Data provided.
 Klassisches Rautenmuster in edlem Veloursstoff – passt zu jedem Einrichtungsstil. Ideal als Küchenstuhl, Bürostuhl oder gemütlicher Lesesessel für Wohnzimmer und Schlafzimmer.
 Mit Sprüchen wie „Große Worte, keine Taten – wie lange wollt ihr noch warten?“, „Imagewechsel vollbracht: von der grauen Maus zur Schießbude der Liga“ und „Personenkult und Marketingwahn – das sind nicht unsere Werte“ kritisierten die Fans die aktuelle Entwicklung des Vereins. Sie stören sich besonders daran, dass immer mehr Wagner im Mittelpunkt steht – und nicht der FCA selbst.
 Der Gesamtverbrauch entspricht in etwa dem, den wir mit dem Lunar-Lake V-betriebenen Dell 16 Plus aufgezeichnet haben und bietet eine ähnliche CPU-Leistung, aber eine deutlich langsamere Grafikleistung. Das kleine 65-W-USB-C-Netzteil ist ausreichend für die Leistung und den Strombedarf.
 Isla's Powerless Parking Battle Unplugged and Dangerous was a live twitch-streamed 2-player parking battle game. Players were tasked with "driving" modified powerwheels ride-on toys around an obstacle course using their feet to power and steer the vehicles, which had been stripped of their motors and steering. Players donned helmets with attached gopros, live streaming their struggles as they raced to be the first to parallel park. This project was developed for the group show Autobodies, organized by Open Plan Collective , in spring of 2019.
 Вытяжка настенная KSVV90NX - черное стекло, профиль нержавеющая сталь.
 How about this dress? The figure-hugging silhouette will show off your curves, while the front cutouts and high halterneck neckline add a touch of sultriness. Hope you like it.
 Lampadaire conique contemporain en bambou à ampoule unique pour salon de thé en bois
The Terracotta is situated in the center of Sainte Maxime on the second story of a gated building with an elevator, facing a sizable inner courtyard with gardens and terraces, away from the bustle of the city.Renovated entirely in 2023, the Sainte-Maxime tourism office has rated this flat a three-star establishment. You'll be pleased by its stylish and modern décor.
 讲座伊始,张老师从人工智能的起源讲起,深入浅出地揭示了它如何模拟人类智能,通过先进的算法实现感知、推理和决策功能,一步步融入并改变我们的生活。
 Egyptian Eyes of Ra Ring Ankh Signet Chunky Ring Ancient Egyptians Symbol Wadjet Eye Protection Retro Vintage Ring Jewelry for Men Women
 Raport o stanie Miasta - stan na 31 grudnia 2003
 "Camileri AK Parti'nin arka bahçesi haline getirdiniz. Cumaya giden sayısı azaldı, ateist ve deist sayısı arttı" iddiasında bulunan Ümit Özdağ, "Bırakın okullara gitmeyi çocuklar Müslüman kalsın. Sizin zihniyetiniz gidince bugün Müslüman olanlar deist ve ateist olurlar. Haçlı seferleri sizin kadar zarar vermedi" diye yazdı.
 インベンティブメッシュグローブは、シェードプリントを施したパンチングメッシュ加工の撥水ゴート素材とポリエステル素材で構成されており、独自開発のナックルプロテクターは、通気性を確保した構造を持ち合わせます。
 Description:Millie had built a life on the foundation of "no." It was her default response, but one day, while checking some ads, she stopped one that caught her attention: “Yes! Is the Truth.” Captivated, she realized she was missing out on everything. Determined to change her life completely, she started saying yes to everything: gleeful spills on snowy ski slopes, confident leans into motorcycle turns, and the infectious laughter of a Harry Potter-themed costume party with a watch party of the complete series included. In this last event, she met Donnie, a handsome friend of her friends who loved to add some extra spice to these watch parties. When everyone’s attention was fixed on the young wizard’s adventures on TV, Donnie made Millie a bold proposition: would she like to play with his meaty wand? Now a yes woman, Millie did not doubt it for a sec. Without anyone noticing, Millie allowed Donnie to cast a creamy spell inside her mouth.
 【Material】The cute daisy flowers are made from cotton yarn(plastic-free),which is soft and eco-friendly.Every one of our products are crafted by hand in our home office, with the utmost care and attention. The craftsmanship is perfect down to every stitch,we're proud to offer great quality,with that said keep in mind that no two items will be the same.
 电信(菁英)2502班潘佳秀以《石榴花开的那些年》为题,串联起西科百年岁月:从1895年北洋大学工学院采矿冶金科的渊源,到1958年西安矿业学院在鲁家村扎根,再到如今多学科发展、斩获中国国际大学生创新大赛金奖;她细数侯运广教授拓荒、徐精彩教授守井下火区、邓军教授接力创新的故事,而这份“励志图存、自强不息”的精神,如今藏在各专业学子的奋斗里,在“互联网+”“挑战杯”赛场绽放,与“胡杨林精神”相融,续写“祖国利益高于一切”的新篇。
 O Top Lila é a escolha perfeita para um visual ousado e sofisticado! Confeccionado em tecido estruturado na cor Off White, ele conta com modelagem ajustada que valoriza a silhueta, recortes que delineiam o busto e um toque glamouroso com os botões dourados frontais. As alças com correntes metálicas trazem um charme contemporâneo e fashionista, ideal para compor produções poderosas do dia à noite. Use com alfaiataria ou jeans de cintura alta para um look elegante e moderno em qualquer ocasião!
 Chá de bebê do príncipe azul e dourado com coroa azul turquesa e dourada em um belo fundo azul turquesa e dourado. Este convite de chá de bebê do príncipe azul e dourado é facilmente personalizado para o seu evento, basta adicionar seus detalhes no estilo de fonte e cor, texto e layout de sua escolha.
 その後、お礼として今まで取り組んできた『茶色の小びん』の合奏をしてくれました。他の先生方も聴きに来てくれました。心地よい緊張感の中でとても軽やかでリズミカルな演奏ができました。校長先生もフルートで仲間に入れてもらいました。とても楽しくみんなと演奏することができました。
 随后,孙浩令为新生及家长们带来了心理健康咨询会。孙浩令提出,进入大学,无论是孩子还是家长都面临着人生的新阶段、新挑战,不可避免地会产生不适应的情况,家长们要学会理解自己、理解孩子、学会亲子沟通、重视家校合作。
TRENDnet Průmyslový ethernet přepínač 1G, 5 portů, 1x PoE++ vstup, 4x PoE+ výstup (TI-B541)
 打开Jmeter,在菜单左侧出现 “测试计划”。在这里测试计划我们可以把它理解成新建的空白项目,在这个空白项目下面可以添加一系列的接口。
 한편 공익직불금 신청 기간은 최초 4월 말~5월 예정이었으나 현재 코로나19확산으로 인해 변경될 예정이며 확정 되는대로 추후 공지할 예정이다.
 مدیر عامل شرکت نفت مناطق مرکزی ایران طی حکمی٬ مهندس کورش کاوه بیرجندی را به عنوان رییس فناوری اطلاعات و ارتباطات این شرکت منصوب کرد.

Task statement. For this task, write out exactly the lines of the entries above, starting at the line with "Raport o stanie" and ending at the line with "インベンティブメッシュグロー", both included, and no others.

Reply to the exercise.
 Raport o stanie Miasta - stan na 31 grudnia 2003
 "Camileri AK Parti'nin arka bahçesi haline getirdiniz. Cumaya giden sayısı azaldı, ateist ve deist sayısı arttı" iddiasında bulunan Ümit Özdağ, "Bırakın okullara gitmeyi çocuklar Müslüman kalsın. Sizin zihniyetiniz gidince bugün Müslüman olanlar deist ve ateist olurlar. Haçlı seferleri sizin kadar zarar vermedi" diye yazdı.
 インベンティブメッシュグローブは、シェードプリントを施したパンチングメッシュ加工の撥水ゴート素材とポリエステル素材で構成されており、独自開発のナックルプロテクターは、通気性を確保した構造を持ち合わせます。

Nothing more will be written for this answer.